David clutched his chest with both hands, desperately fumbling for a single gasp of oxygen. Just as he managed to inhale a small breath, he saw Jemeen walk behind the kneeling green man, and plunge a sword through his head. She left it there and let him fall to the ground.
Due to how cramped the stairwell was, the light from the single torch at the top provided ample illumination. Now, still fighting for breath, he could see her face much more clearly. Her thick black eyebrows and tightly wound hair in a ponytail reminded him of his 6th grade teacher, Mrs. Reza. The confident lines that outlined her face were uniquely her own though. The terrible loss that fluttered in her eyes like a bird with broken wings, that too was her own.
She stepped closer to him. He couldn't tell if she looked at him with pity or concern. "Can you walk?"
His first instinct was to say yes, which was strange because he wasn't actually sure he could. Besides his struggle to breathe, he felt something had surely broken in his back. Regardless, only an incomprehensible wheeze came out.
"I'm takin’ that as a yes." She slipped her uninjured shoulder under his arm and yanked him up. Shocks of furious pain tremorred down his spine.
Slowly, with him leaning half his weight on her, they went up the remaining half flight of stairs until they reached an arched wooden door.
She stopped and looked at him. The fluttering loss in her eyes was no longer as desperate; the bird understood it would never fly again. He thought it disturbing how quickly she had come to terms with her friend's death.
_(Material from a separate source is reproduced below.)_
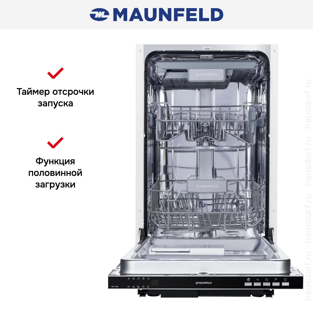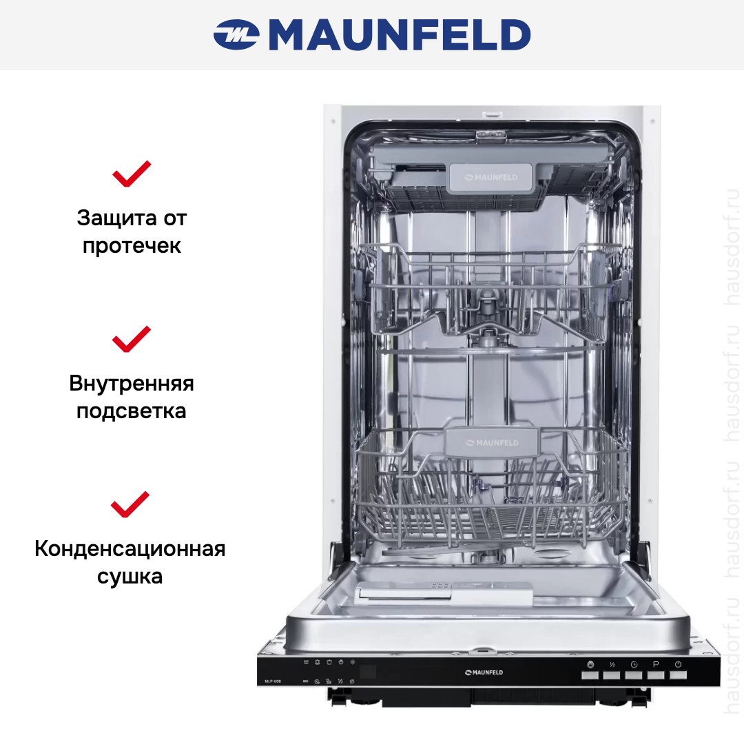 Полновстраиваемая посудомоечная машина MAUNFELD MLP 08B — оптимальное решение для современной кухни. Полная защита от протечек гарантирует безопасную работу прибора. А большой набор функций обеспечивает комфортное использование модели. Имеется выбор из 7 стандартных программ, в том числе быстрая мойка, которую можно использовать при малом загрязнении посуды. Несмотря на небольшую ширину модели, вы легко разместите внутри все необходимое благодаря регулируемой по высоте корзине и специальному лотку для столовых приборов.

"Not sure what's waitin' for us out there. They sent a lot at us down here, so it could be nothing. Or…well, you get it. Just be prepared."
Before she opened the latch, he croaked out two words and pointed back down the stairs.
"... get…Lor."
"Lor? Was that the woman in the cell next to yours?"
He nodded.
"A few stray tunk teeth hit her. Nicked an artery I think. Guess we both lost somethin’ important today. Let's go."
She threw open the door and pulled him outside.
He imagined having a beer with Lor, talking about meaningless things like the recipe for veal soup.
Instead, his meaningless tears mixed in with the misty night air.